Der Bund kann die Hafeninfrastruktur für den Gütertransport auf dem Rhein finanziell fördern.
Der Bund, vertreten durch das BAV, und die Standortkantone sowie die Betreiberin der Hafeninfrastruktur legen vertraglich die Flächen und Anlagen der Hafeninfrastruktur fest.
Der Bund, vertreten durch das BAV, und die Betreiberin der Hafeninfrastruktur schliessen für jeweils vier Jahre Leistungsvereinbarungen ab. Darin legen sie aufgrund der verkehrspolitischen Ziele des Bundes und der Geschäftspläne der Betreiberin der Hafeninfrastruktur die zu erbringenden Leistungen im Voraus fest.
Die Betreiberin gewährt den diskriminierungsfreien Zugang zu ihrer Infrastruktur.
Kann sie die festgelegten Leistungen nicht kostendeckend erbringen, so gilt der Bund nach Rücksprache mit den Standortkantonen die ungedeckten Kosten ab, soweit die Abgeltungen erforderlich sind, um die Infrastruktur in gutem Zustand und vereinbartem Umfang zu erhalten.
Der Bund kann Investitionsbeiträge leisten für Massnahmen zur Anpassung der Hafeninfrastruktur an die Erfordernisse des Verkehrs und an den Stand der Technik sowie für Massnahmen zur Umsetzung von Anliegen des Umwelt- und Klimaschutzes. Die Massnahmen und Investitionsbeiträge sind in der Leistungsvereinbarung festzulegen.
Der Bund kann überdies Investitionsbeiträge in Form von unverzinslichen, bedingt rückzahlbaren Darlehen an den Bau von Hafeninfrastruktur für den Güterumschlag im kombinierten Verkehr leisten. Diese Darlehen dürfen 50 Prozent der anrechenbaren Kosten nicht überschreiten.

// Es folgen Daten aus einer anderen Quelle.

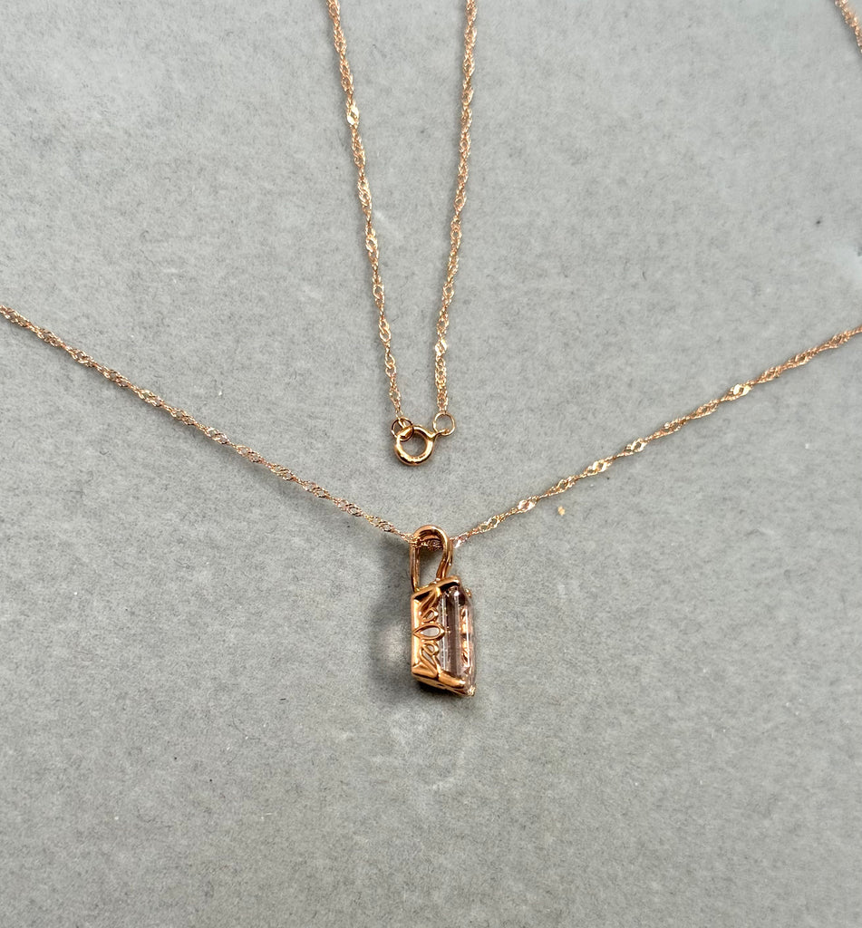 14K Pink Gold Morganite Pendant – 2.65-3.23 Ct 10x8mm AAA Emerald-Cut Solitaire Scroll Necklace – Genuine Peach Pink Gemstone Jewelry Gift

Die unverzinslichen, bedingt rückzahlbaren Darlehen des Bundes können unter Vorbehalt der notwendigen aktienrechtlichen Beschlüsse in Eigenkapital umgewandelt werden. Der Bund kann überdies auf die Rückzahlung von Darlehen verzichten, um sich an notwendigen Bilanzsanierungen zu beteiligen.